Please keep pictures out and return the lines below exactly, from the one holding "O documento descreve" through the last, both included.

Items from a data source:
■ ■ ■ ■
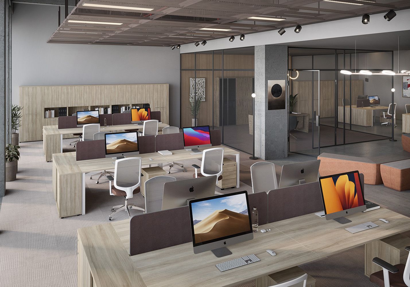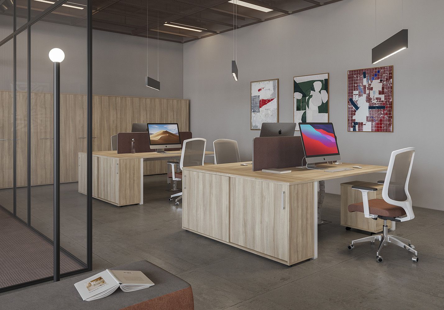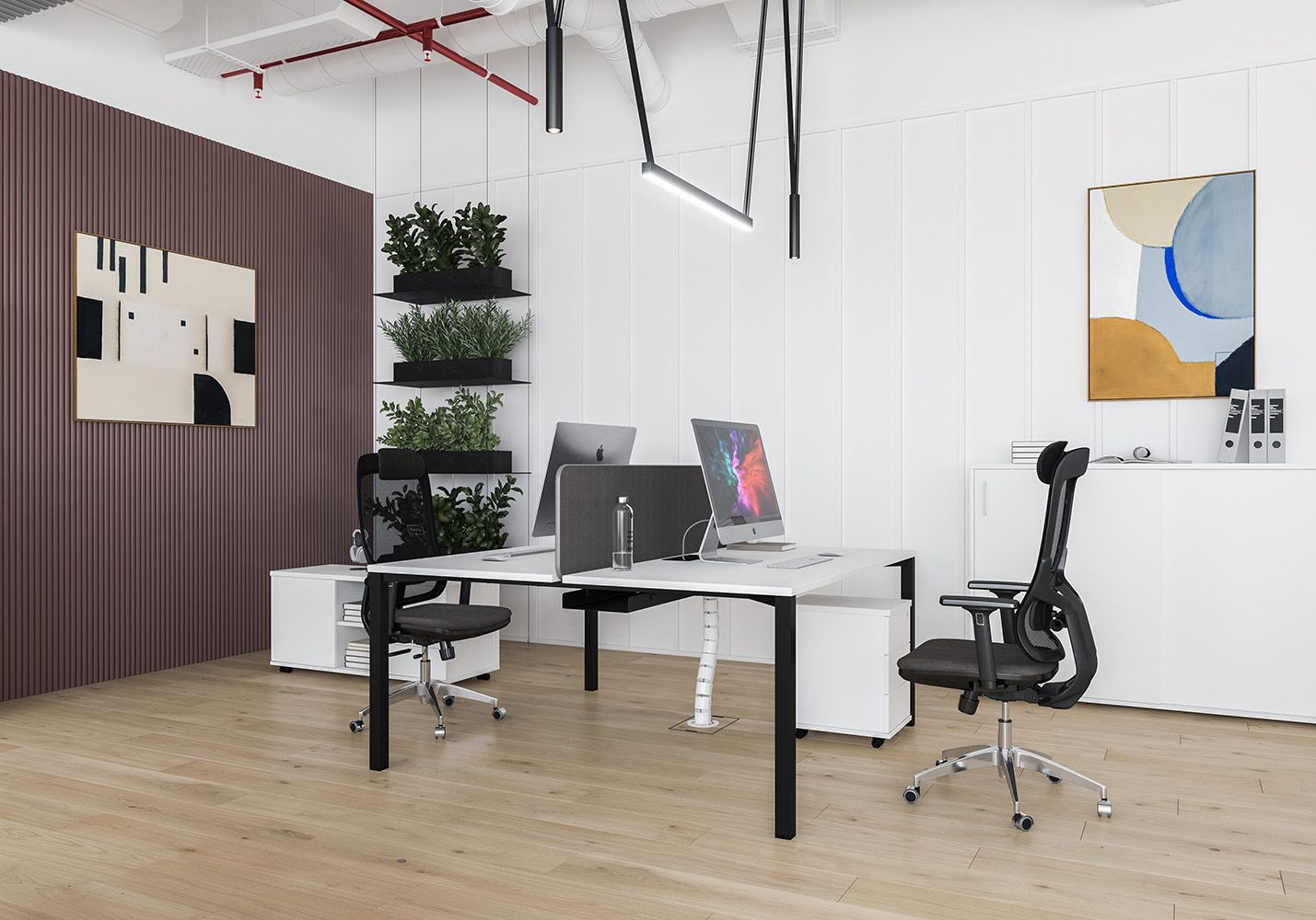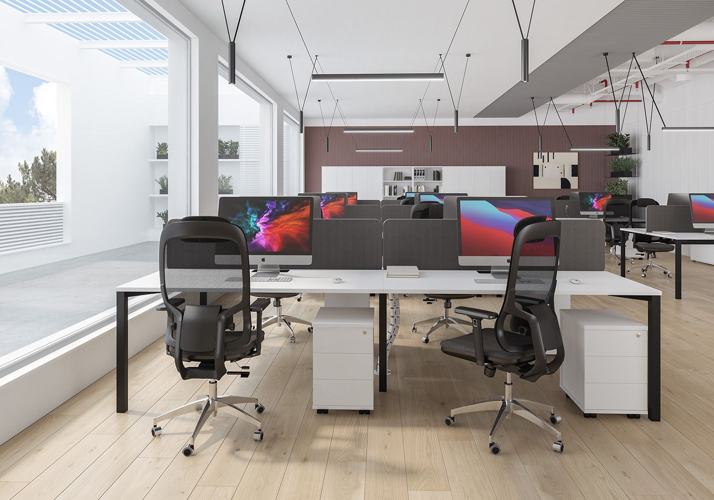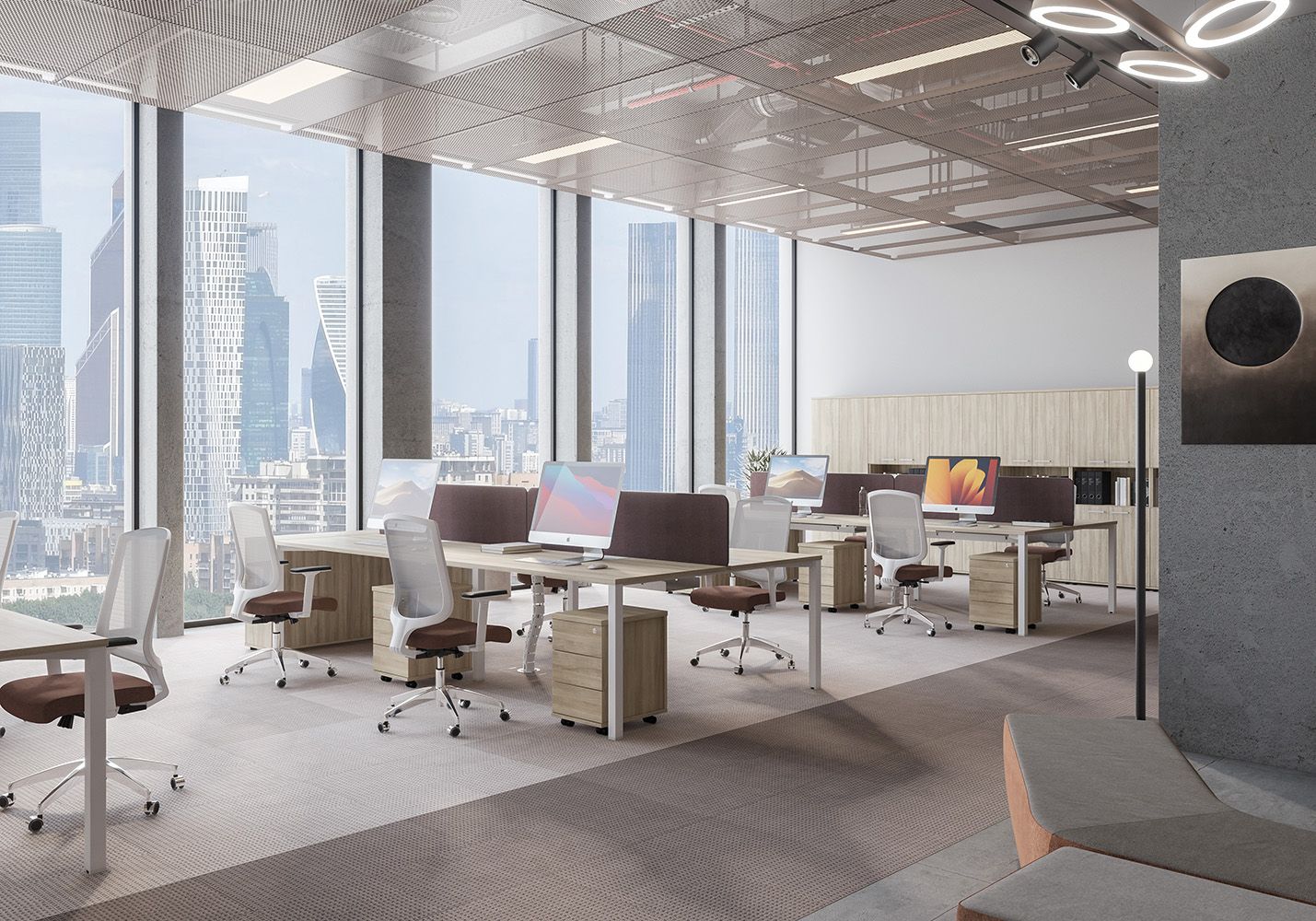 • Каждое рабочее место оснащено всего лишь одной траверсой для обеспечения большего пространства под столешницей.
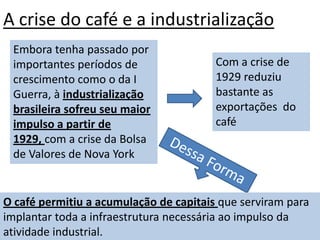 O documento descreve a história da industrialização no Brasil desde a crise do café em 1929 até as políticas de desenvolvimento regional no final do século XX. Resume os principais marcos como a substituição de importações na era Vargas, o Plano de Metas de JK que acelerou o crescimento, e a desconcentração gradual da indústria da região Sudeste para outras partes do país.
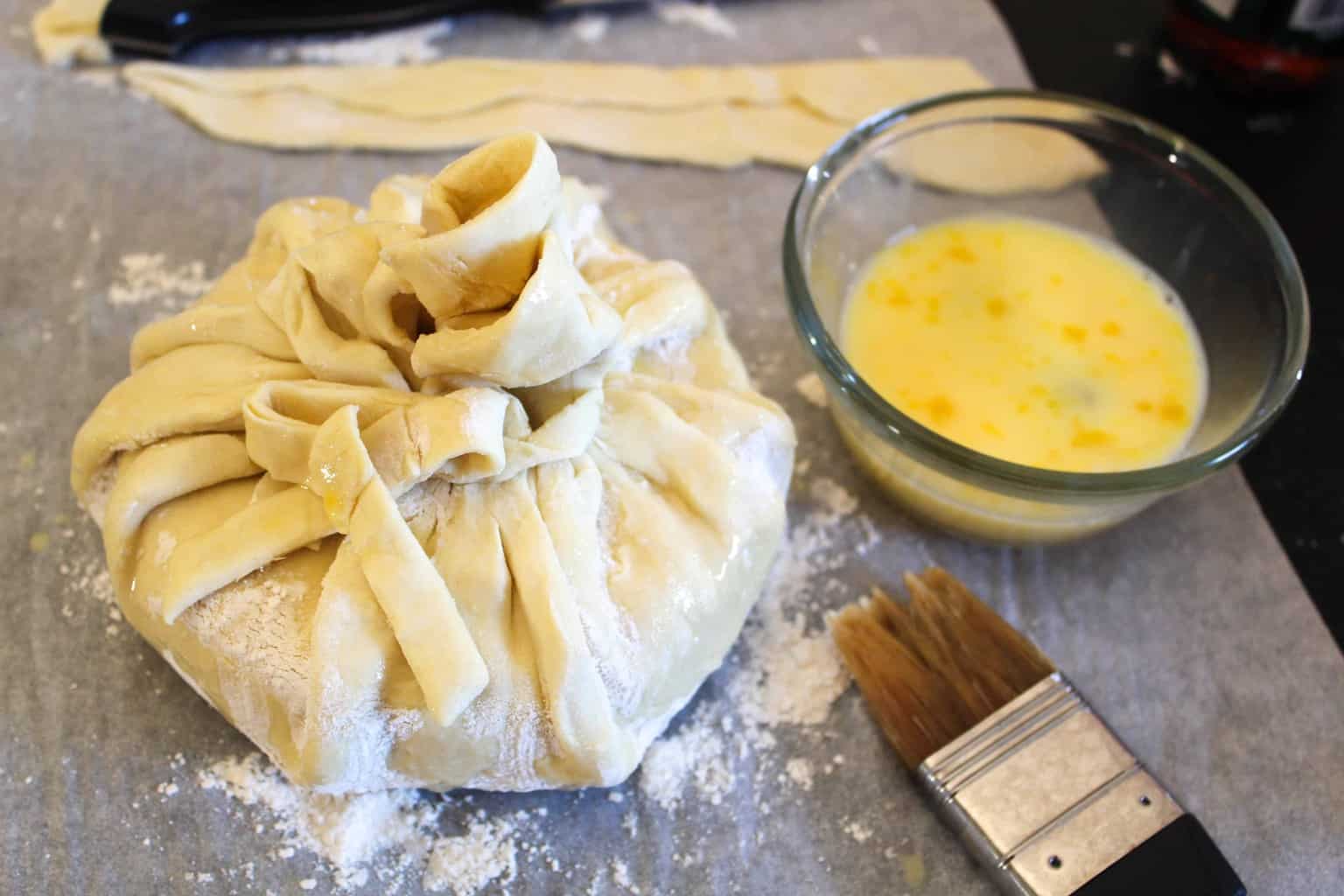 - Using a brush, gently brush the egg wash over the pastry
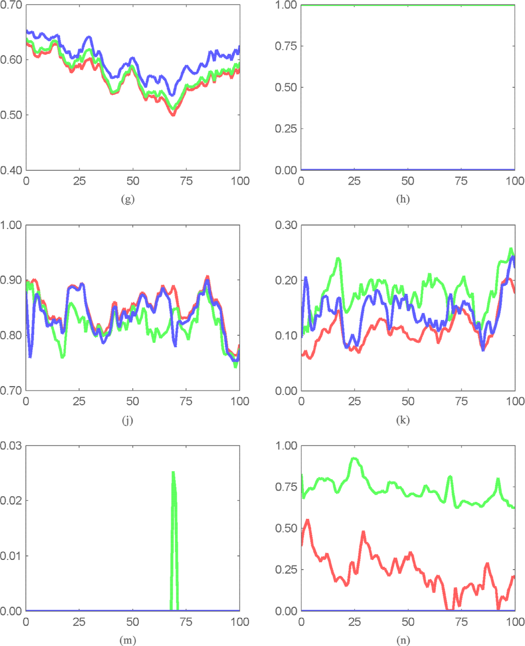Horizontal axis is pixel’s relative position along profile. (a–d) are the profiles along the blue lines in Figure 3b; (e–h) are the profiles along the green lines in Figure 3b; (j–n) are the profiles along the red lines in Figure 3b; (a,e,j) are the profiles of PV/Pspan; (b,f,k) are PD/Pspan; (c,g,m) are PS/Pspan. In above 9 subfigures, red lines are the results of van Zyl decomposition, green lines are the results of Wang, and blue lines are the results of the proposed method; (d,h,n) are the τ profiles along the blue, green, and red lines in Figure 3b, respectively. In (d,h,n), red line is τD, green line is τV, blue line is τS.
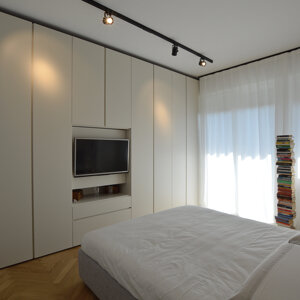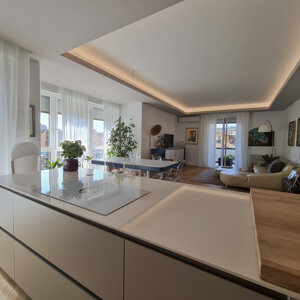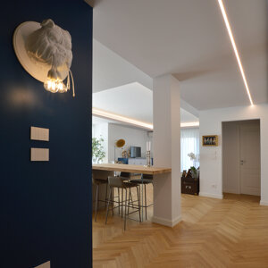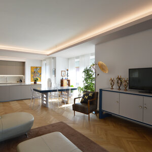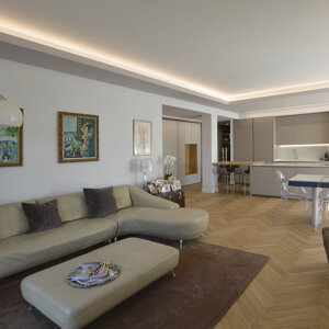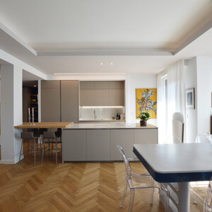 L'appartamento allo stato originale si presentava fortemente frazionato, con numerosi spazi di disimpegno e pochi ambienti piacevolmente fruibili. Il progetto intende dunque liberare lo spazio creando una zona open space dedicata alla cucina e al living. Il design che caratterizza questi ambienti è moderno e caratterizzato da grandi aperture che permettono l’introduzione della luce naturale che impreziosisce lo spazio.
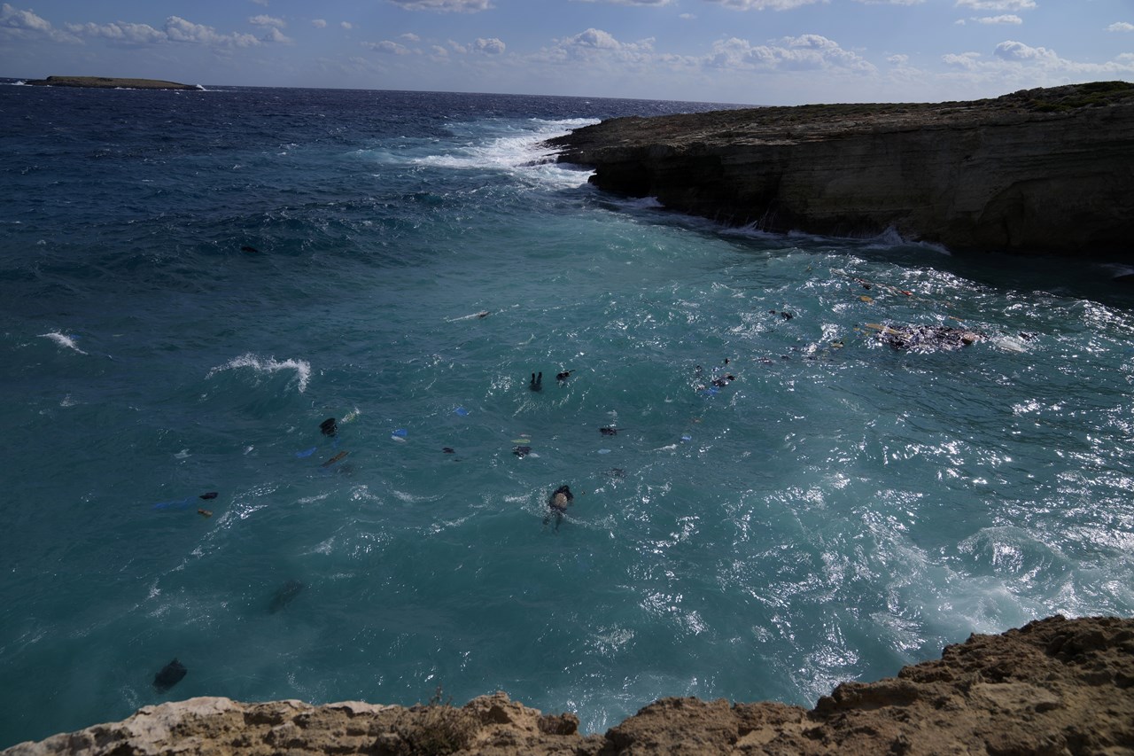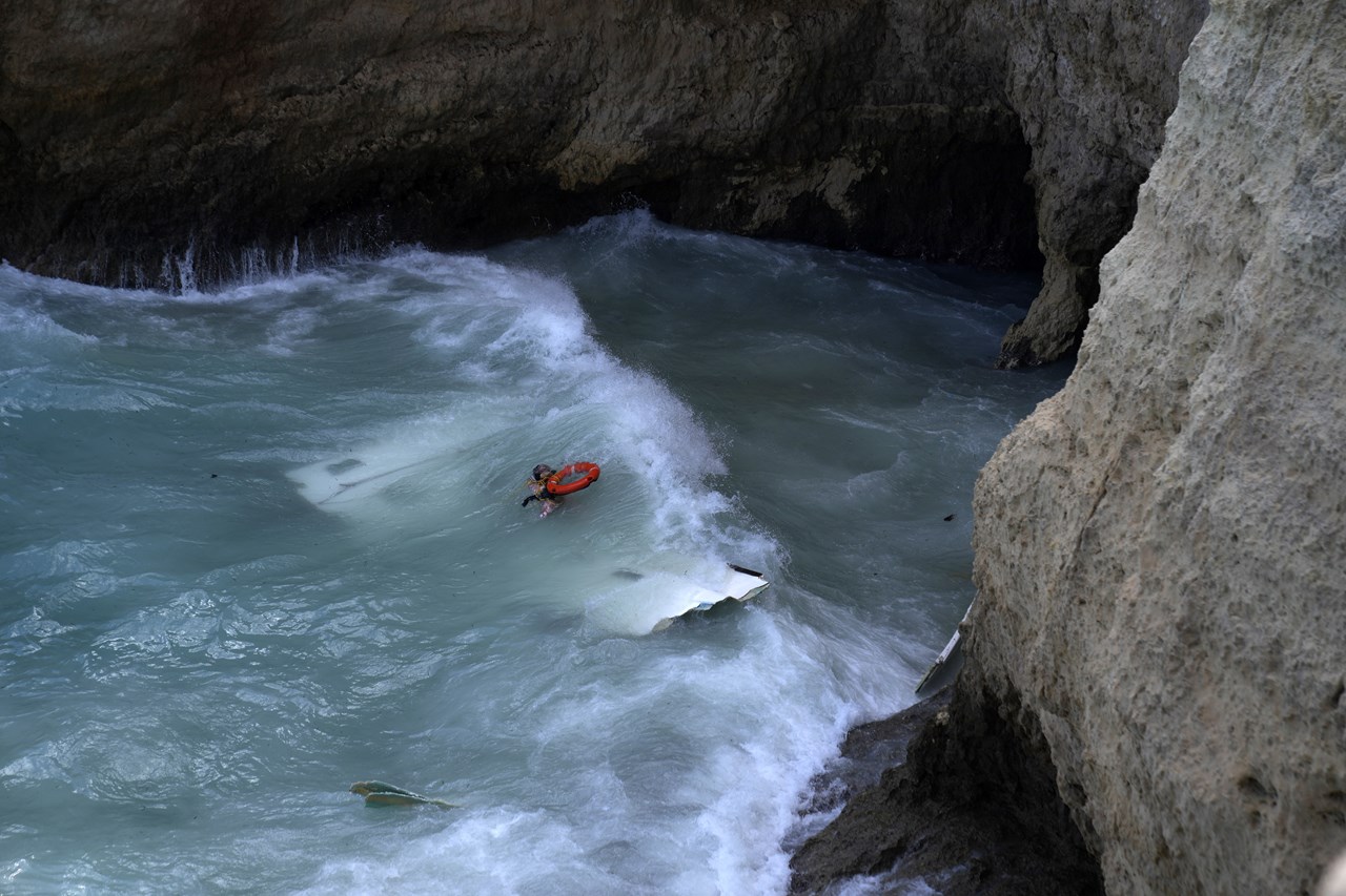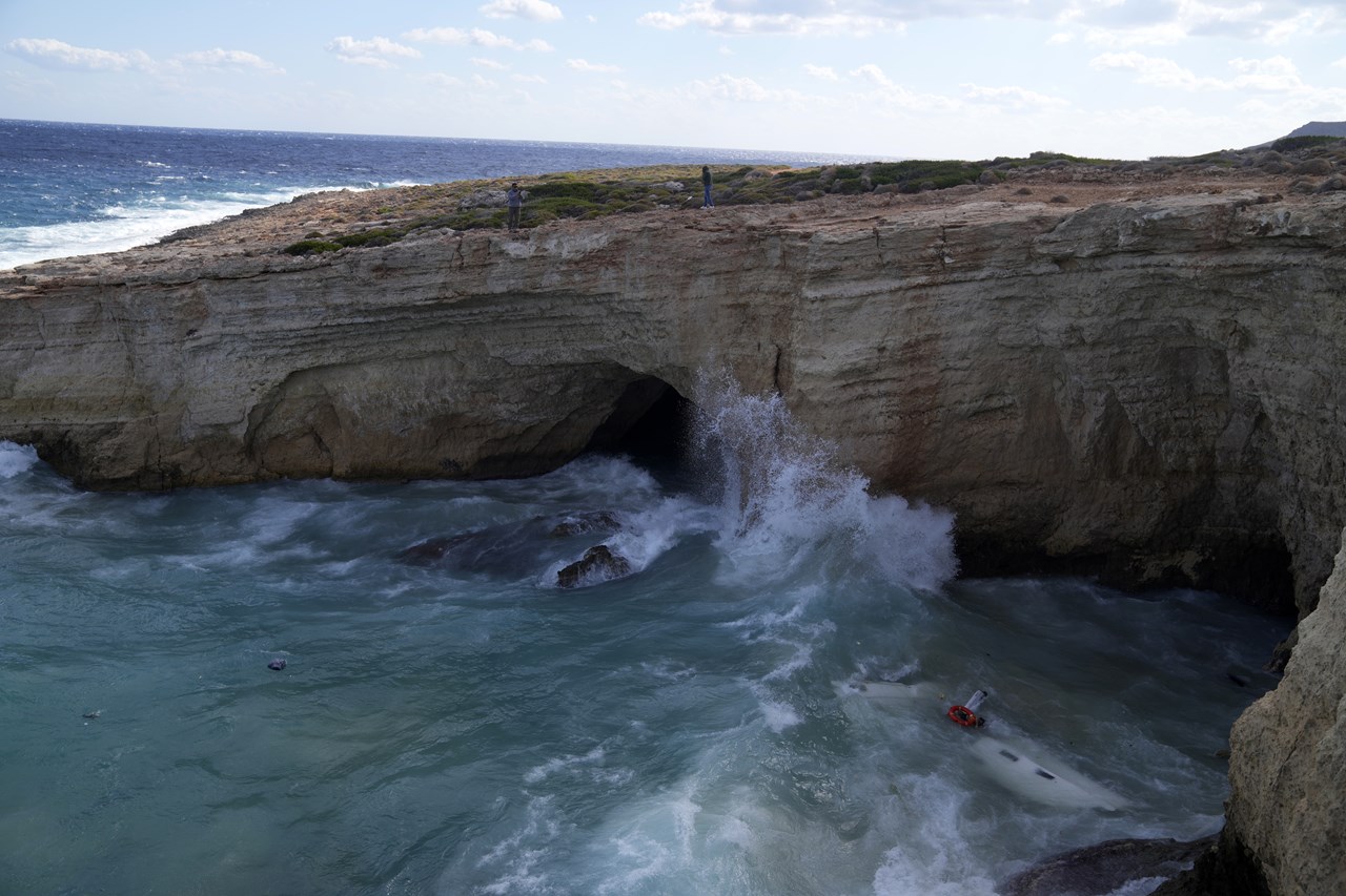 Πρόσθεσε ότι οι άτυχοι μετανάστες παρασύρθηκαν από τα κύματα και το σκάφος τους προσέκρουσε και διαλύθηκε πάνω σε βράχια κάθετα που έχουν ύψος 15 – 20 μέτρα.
■ ■ ■ ■
* ANSWER BELOW:
 O documento descreve a história da industrialização no Brasil desde a crise do café em 1929 até as políticas de desenvolvimento regional no final do século XX. Resume os principais marcos como a substituição de importações na era Vargas, o Plano de Metas de JK que acelerou o crescimento, e a desconcentração gradual da indústria da região Sudeste para outras partes do país.
 - Using a brush, gently brush the egg wash over the pastry
Horizontal axis is pixel’s relative position along profile. (a–d) are the profiles along the blue lines in Figure 3b; (e–h) are the profiles along the green lines in Figure 3b; (j–n) are the profiles along the red lines in Figure 3b; (a,e,j) are the profiles of PV/Pspan; (b,f,k) are PD/Pspan; (c,g,m) are PS/Pspan. In above 9 subfigures, red lines are the results of van Zyl decomposition, green lines are the results of Wang, and blue lines are the results of the proposed method; (d,h,n) are the τ profiles along the blue, green, and red lines in Figure 3b, respectively. In (d,h,n), red line is τD, green line is τV, blue line is τS.
 L'appartamento allo stato originale si presentava fortemente frazionato, con numerosi spazi di disimpegno e pochi ambienti piacevolmente fruibili. Il progetto intende dunque liberare lo spazio creando una zona open space dedicata alla cucina e al living. Il design che caratterizza questi ambienti è moderno e caratterizzato da grandi aperture che permettono l’introduzione della luce naturale che impreziosisce lo spazio.
 Πρόσθεσε ότι οι άτυχοι μετανάστες παρασύρθηκαν από τα κύματα και το σκάφος τους προσέκρουσε και διαλύθηκε πάνω σε βράχια κάθετα που έχουν ύψος 15 – 20 μέτρα.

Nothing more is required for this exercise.